AI Is Already Keeping Tabs on 1 Million Clearance Holders
Trusted Workforce 2.0 tools regularly scan a set of data sources for anomalies in the behaviors of more than a million federal and private workers.
The security clearance process is broken—a fact widely accepted by stakeholders in the public and private sector, legislative and executive branches of government, Democrats and Republicans. As federal leaders work on the largest process overhaul in half a century, artificial intelligence will play a key role.
In February, officials unveiled plans for Trusted Workforce 2.0, a framework that would shift suitability and security determinations from a one-time investigation followed by reassessments every five to 10 years, to an ongoing process that uses technology and private sector partners and data.
The first step in moving away from the old process is getting rid of all the paper, according to Terry Carpenter, the program executive officer for the National Background Investigation Service, the office overseeing the technical overhaul of the investigations process.
“The days of you filling out some form—online or in paper—submitting this form; having people go through that form; analyze your responses; decide which investigator to send out there to meet with your parents, your friends, your neighbors, who may all be in different states; to write up reports and assemble a package that grows as we do the investigation and come back to somebody to adjudicate the recommendation to say, ‘should this person get a clearance or not based on policy?’ We can’t do that anymore—that’s paper,” Carpenter said Thursday during the Government Analytics Breakfast Forum hosted by Johns Hopkins University and REI Systems.
Related: The Security Clearance Process Is About to Get Its Biggest Overhaul in 50 Years
Related: Security Clearance Delays Are Hurting the Pentagon’s Tech Workforce
Related: The US Military Is Creating the Future of Employee Monitoring
Before instituting the Trusted Workforce 2.0 framework, adjudicators would have to physically travel to interview people on every topic covered by the clearance investigation.

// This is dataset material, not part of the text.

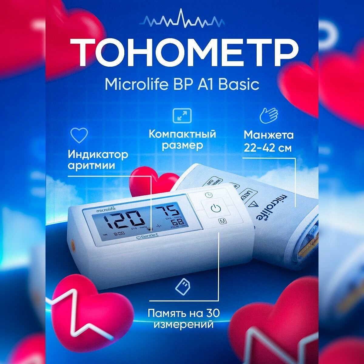 Тонометр автоматический медицинский Microlife BP A1 Basic для измерения артериального давления с манжетой M/L (22-42 см)

Under the new guidance, investigators have the option to use other means to speed the process.
In October, Carpenter’s team rolled out a tool to digitize the front end of the security clearance process: filling out paper forms like the SF-86.
The NBIS team developed a digital form that operates similarly to modern tax preparation software. Users are guided through a set of questions and document requests that ensure the data is entered in a structured format.
Another tool currently in development uses artificial intelligence to pull investigatees’ data from multiple sources, including public information, private data sources like credit reports and government data, either through interagency partners or data collected by investigators. The AI tool will gather and sort that data and present it to adjudicators in a structured, interactive format.
“We have a complete list of how the algorithm got to the recommendation. We can click on any piece of data in that decision-making chain and see it. And that gets packaged up as part of the supporting evidence for why decisions were made,” Carpenter said.
With digitized data sources and AI helping pull and sort the information, the investigative process can move toward a “continuous evaluation” model, in which clearance holders are regularly reassessed based on new information, rather than on an arbitrary, decade-long cycle.
“We already have 1.1 million names in as part of the initiative and it just goes through the data sources on some reoccurring schedule set by the business rules and if an anomaly comes up, then we look at the anomaly and decide what to do with it,” Carpenter said. “Maybe I got a speeding ticket last night and it popped up on the data source,” he offered as a hypothetical.
Carpenter said the team hopes soon to be able to pilot the system end-to-end with the lowest level suitability determinations. If that pilot succeeds, the team can add more data streams and capabilities in order to handle more sensitive assessments.
All this will be possible because the team looked at the problem as a whole, rather than just finding cool tools to apply to parts of the problem, Carpenter said.
“We moved the NBIS architecture to an enterprise data broker concept and we moved the data sources to one place,” he explained. “This gave us the ability to focus on control of that data. I don’t have to own it all—it doesn’t have to sit on my servers. … But we need to know that we have the connection, we have the ability to pull it when we need it, we know what the data is—what it represents—and we know the policies and agreements—the laws—that surround the use of that data.”
“We couldn’t rush to the quick answer,” he added. “We had to do some of these critical, I call them ‘hygiene steps.’”
No matter what, it will be up to humans to make the final decisions about suitability and trust, Carpenter said.
“No decision will be made by a machine. We will augment decision- making,” he said. “Instead of them spending weeks and months trying to find needles in a haystack, we’re using artificial intelligence and machine learning to present those needles, in a neat form with all the relevant information to how we found it for the human to make that final determination.”